In the history of the Rocky Mountains, there have been many bears that roamed the mountains and fields. Early settlers knew the temperament of these animals, and that it was not wise to sneak up on a bear and surprise him. There was one such grizzly whose story has been told at several campfires to anxious young scouts who want to know about Old Ephraim. He was commonly known as “Old Three Toes” because of a deformity on one foot. He roamed the mountains from Soda Springs, Idaho to the Logan Canyon in northern Utah from 1911 to 1923.
The evidence of the strength and power of this bear was frightening. At one point, he bit a thirteen-foot log, twelve inches in diameter, into eleven lengths as though they had been chopped. He also bit off a six-inch aspen limb in just one bite, which was nine feet and eleven inches above the ground. He even broke the back of a cow with just one blow of his gigantic paw.
For twelve years, he had been wreaking havoc in the communities. Old Three Toes did some major damage to the flocks, crippling the sheep owners financially. He was becoming a bolder and a more ruthless killer as the years passed. Because of this one grizzly, sheep owners had a tough time hiring men to tend their sheep. Many of the existing sheepherders refused to stay on the job and quit. At last, the farmers and community members decided it was time to catch Old Three Toes. They set trap after trap at all his lairs and wallows. Sometimes the bear trap was found flung many yards away. Other times it was left alone, but his distinctive tracks were all around the trap. He seemed to know what the traps were. He was the smartest and strongest grizzly anyone had ever encountered.
Frank Clark from Malad, Idaho had had enough and decided to do something about it. When he saw how many sheep and other animals were being slaughtered by Old Three Toes, he made it his goal to trap the old grizzly. After a long and steady search for many years, he set a trap at the bottom of a pond that Old Three Toes bathed in. He swished the water around to create a cloud of dirt. When it finally settled upon the trap, he took a branch and wiped away his tracks as he backed away from the pond and then headed for camp. One evening, he heard the roar of the grizzly and when he went to the pond, the sight of the gigantic bear took his breath away. He had never imagined Old Three Toes would be so massive and enormous. The bear was angry and when he saw Frank Clark, he rose on his hind legs—all ten feet of him—and headed for his next victim.

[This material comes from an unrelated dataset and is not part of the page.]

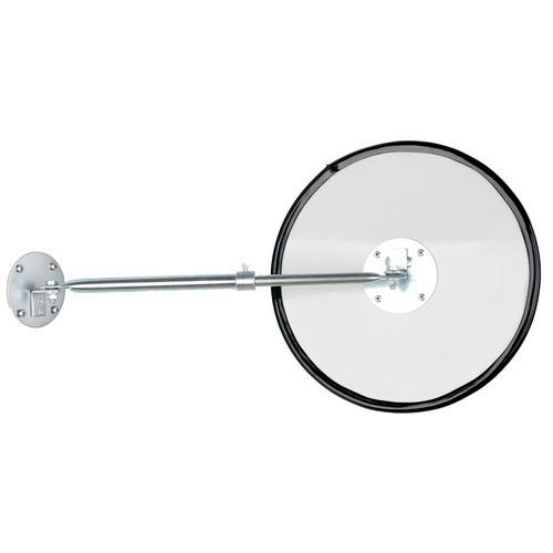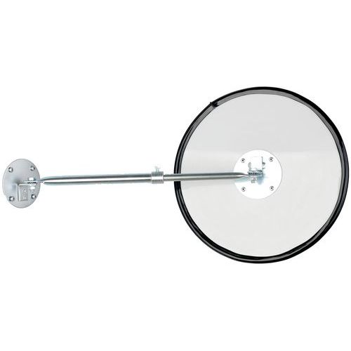 Miroir de surveillance universel idéal dans les zones industrielle, les sorties de garage, etc. En acrylique, plus résistant aux chocs que le verre. Excellent retour d'image sans déformation par métallisation appliqué à l'arrière. Résistant aux chocs selon la norme DIN ISO 179-1. Certificat du TÜV.

Frank froze where he was, unable to move. Fear wedged in his throat and made it hard to breathe. When the bear got six feet away from him, Frank quickly got his wits about him and did the only thing he could. He finally shot Old Ephraim on August 21, 1923. The grizzly measured at exactly nine feet and eleven inches tall, and weighed 1100 pounds. A few weeks after he was killed, a Boy Scout Troop dug up the skull of the bear and sent it to the Smithsonian Institute to document what kind of bear it was and found that it was indeed a grizzly.
The research about this grizzly was intriguing to me because I had heard about Old Ephraim for years. I was from southern Idaho and the story was amazing. After reading about the grizzly from a pamphlet named “Old Ephraim” written by Newell J. Crookston (1959), I decided to put together a historical fiction novel with Old Ephraim as part of the story, using every bit of the information gleaned from this little pamphlet. “Jenny’s Dream” is the story of a young girl’s desire to become a writer and how she finds love in her own backyard, with the legend of Old Three Toes as the subplot.
The story of Old Ephraim still lives on, being retold at campfires, by scout leaders, and in the town of Malad, Idaho. Parents and grandparents retell this exciting tale to the youth, recounting the ten-foot grizzly that wreaked so much havoc on the communities.